На рассвете, около самого сада Аспазии, нашли тело убитого молодого поселянина. Сначала думали, что он убит не разбойниками, а из личной мести или в ссоре с кем-нибудь из своих же, потому что убит он был, – не застрелен и не зарезан, а задушен и забит до смерти чем-то тупым. Потом поймали между большими камнями осла, на котором было одно лишь деревянное седло. Люди, которые знали молодого человека, сказали, что осел этот его, что он обыкновенно привозил в город дрова, уголья, а иногда и более ценные вещи на трех-четырех ослах. Значит двух или трех ослов увели вместе с навьюченным добром, а этот осел, тоже развьюченный, как-нибудь вырвался и убежал.

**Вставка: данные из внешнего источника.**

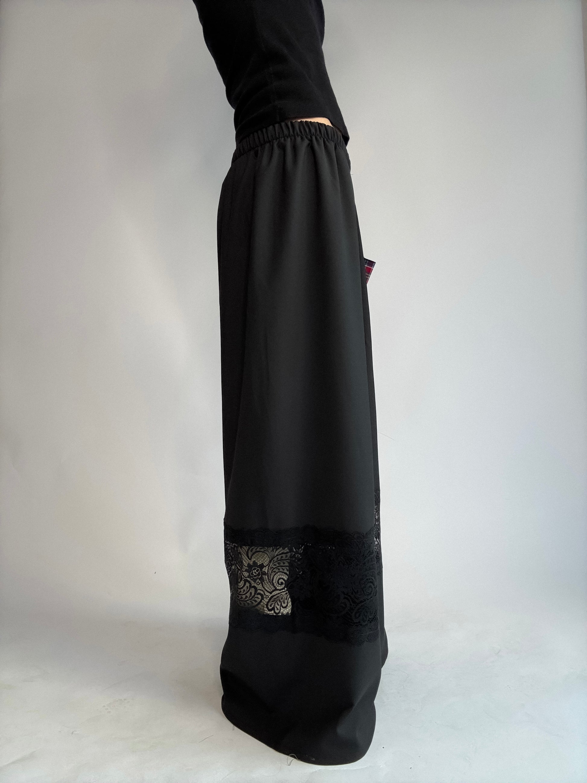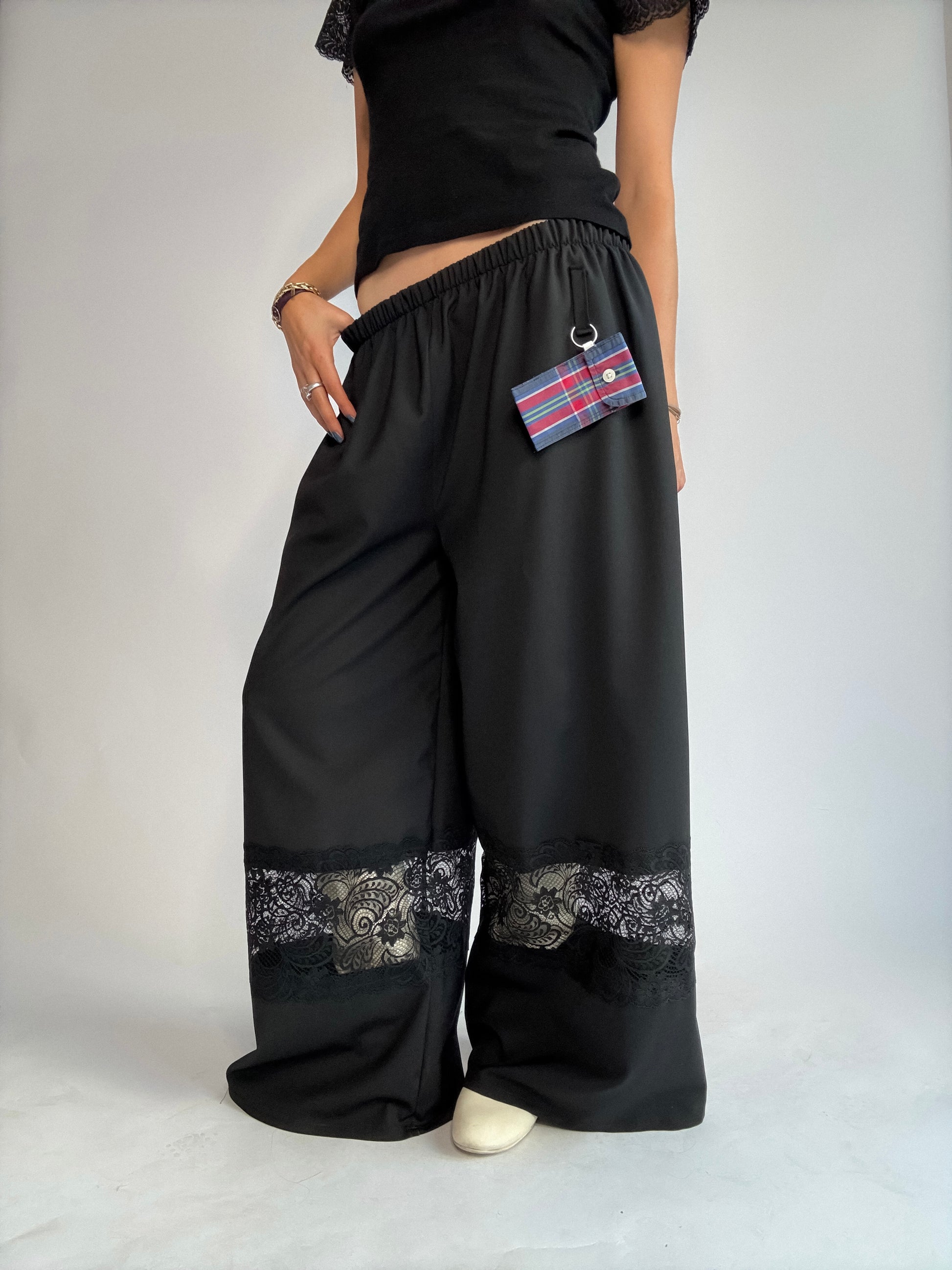 Pantalon upcyclé, sublimé de dentelle de Calais, plus fine que les excuses de ton ex... Détail de zinzin: sa petite pochette porte-clé, unique à chaque pièce, pour y glisser tes petits secrets.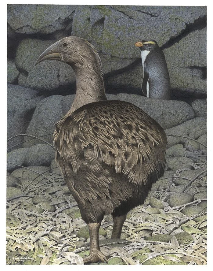 The adzebills were never as widespread as the moa, but subjected to the same hunting pressure as these and other large birds by the settling Polynesians (and predation of eggs/hatchlings by accompanying kiore and dogs). They became extinct before the arrival of European explorers.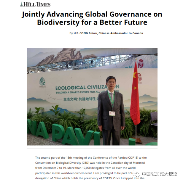 2022年12月21日,中国驻加拿大大使丛培武在加拿大主流媒体《国会山时报》发表题为《共同促进全球生物多样性治理迈向更好明天》的署名文章。全文如下: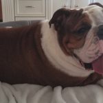 We picked up Snoop Dogg on May 1. He wasn’t the foster dog we were supposed to get, but due to a slight mix up, he was the one we ended up with. He was supposed to be a short-term foster case because he was young and handsome. He was expected to be adopted out quickly, but due to some behavior issues we discovered, that wasn’t the case. We were used to older, calmer Bulldogs in our home and that just wasn’t him. He came into our home like a storm. He chewed up all of our dog’s toys, he ran around like a crazy puppy and jumped on the furniture and drooled… oh, how he drooled on everything!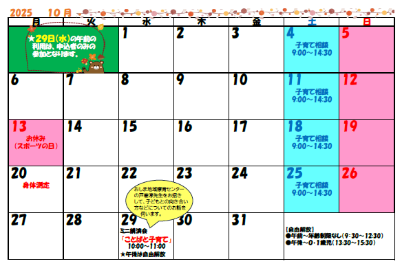 ・季節の制作(こいのぼり・七夕・敬老の日・クリスマス・ひなまつりなど)・言葉と子育て・英語であそぼう・シコトレ・おもちゃライブラリーで遊ぼう(あいよる21)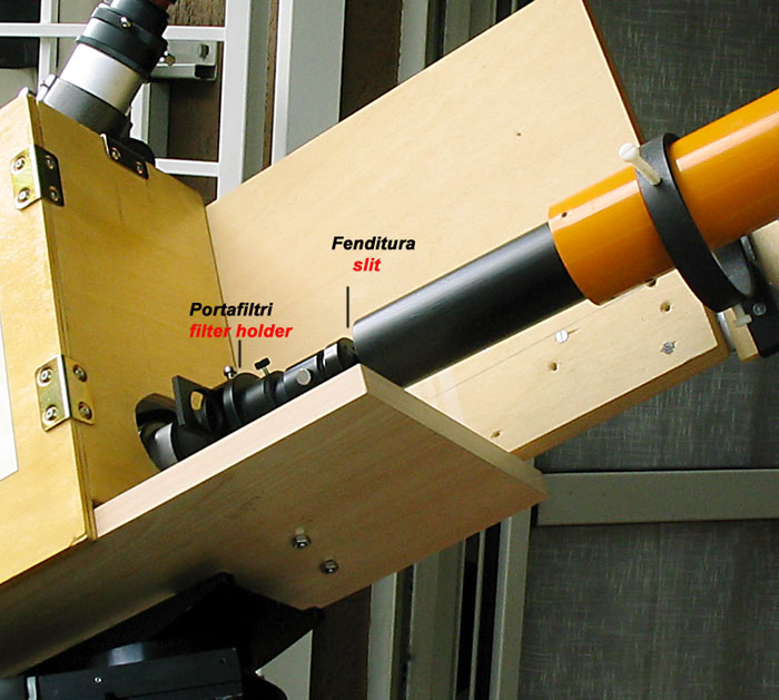 Alcune lievi modifiche sono state recentemente effettuate allo strumento, per migliorare il suo funzionamento come spettroelioscopio: una di queste è stata l'abolizione della lente di barlow posta al fuoco del telescopio (il rifrattore 60/415) e che aveva originariamente la finalità di aumentare la focale ed il potere risolutivo dell'immagine solare proiettata sulla fenditura.Ciò per due motivi: il primo che l'aggiuntivo ottico portava il fuoco del telescopio in un punto troppo interno al collimatore, causando problemi nella messa a fuoco generale del sistema, il secondo che purtroppo il calore eccessivo sulla lente, posta in prossimità del fuoco, causava una probabile alterazione della sua figura ottica degradando l'immagine.L'altra modifica ha riguardato l'inserimento di una slitta portafiltri immediatamente dopo la fenditura, con un duplice effetto; di permettere l'inserimento di filtri (polarizzatori per la eventuale misura dell'effetto Zeeman, od altri) e di ottenere una migliore areazione del tubo con la fenditura smaltendo una parte del calore che si accumula inevitabilmente su di essa (Fig 1).A proposito di filtri, risulta a mio avviso utile, per aumentare il contrasto, l'inserimento,nell'adattatore 31.8 della camera ed in luogo di una fenditura in uscita, di un filtro a banda stretta centrato sulla riga in esame o sulle sue vicinanze.

Это уж на простую ссору или на месть не похоже.

Николаки, однако, подозревал не разбойников, не Салаяни, не фессалийскую шайку какую-нибудь, которая могла неожиданно пробраться и сюда, не Дэли, который, как слышно, бедных поселян не убивал и даже не грабил. Он подозревал или албанцев-мусульман, из которых постепенно набирались в то время охотники для новой пограничной стражи, или же прежних баши-бузуков, которые недовольны тем, что их распустили и лишили их и казенных «пайков», и всякой возможности вступить с разбойниками в братские соглашения и делить с ними добычу, для вида гоняясь за ними.

Николаки был вне себя от гнева, кричал и проклинал и хидудье, и баши-бузуков, всех турок и даже эллинов, за то, что они еще хуже турок потворствуют разбою на границах Эпира и Акарнании…

– Ваши проклятые чернильщики афинские виноваты больше турок, – говорил он… – Вместо того чтобы с Турцией заключить политические союзы… лучше бы точнее исполняли взаимные обязательства о выдаче разбойников и других злодеев. Не хуже вас и мы эллины, а иной раз с охотой послал бы я вам в наказанье английскую эскадру в Пирей, либо казака с кнутом на ваших адвокатов и газетчиков!.. Смотри, не жалость разве? Что за мальчик хороший был этот деревенский! Честный, смирный был мальчик, бедный! Да успокоит Господь Бог его невинную душу!.. Честным людям и на свете нельзя так жить!..

Алкивиад вместе с Николаки пожалел о мальчике, и когда тот немного успокоился, он спросил его:

– А гулять не пойдем разве?

– Хорошее гулянье! – ответил Николаки. – Поди уговори жену мою и Аспазию к этому месту теперь… Увидишь, что они тебе скажут… Я с тобой пожалуй пойду и место тебе покажу, где человека убили.

Алкивиад еще надеялся уговорить женщин сам, но Аспазия отвечала, что боится и не пойдет за город без вооруженных людей, и прогулка была надолго отложена.

XV

Вскоре Алкивиад узнал, что у него есть соперник. В Рапезе жил молодой архонт по имени Яни Петала. Ему было около 30, и, несмотря на это, отцы семейств и даже молодые женщины звали его всегда то пэди, то есть дитя, мальчик, потому только, что он был холост. Он был очень богат; жил вдвоем со старухой матерью, которая страдала ногами и почти не сходила с кресла, привставая лишь для самых важных лиц.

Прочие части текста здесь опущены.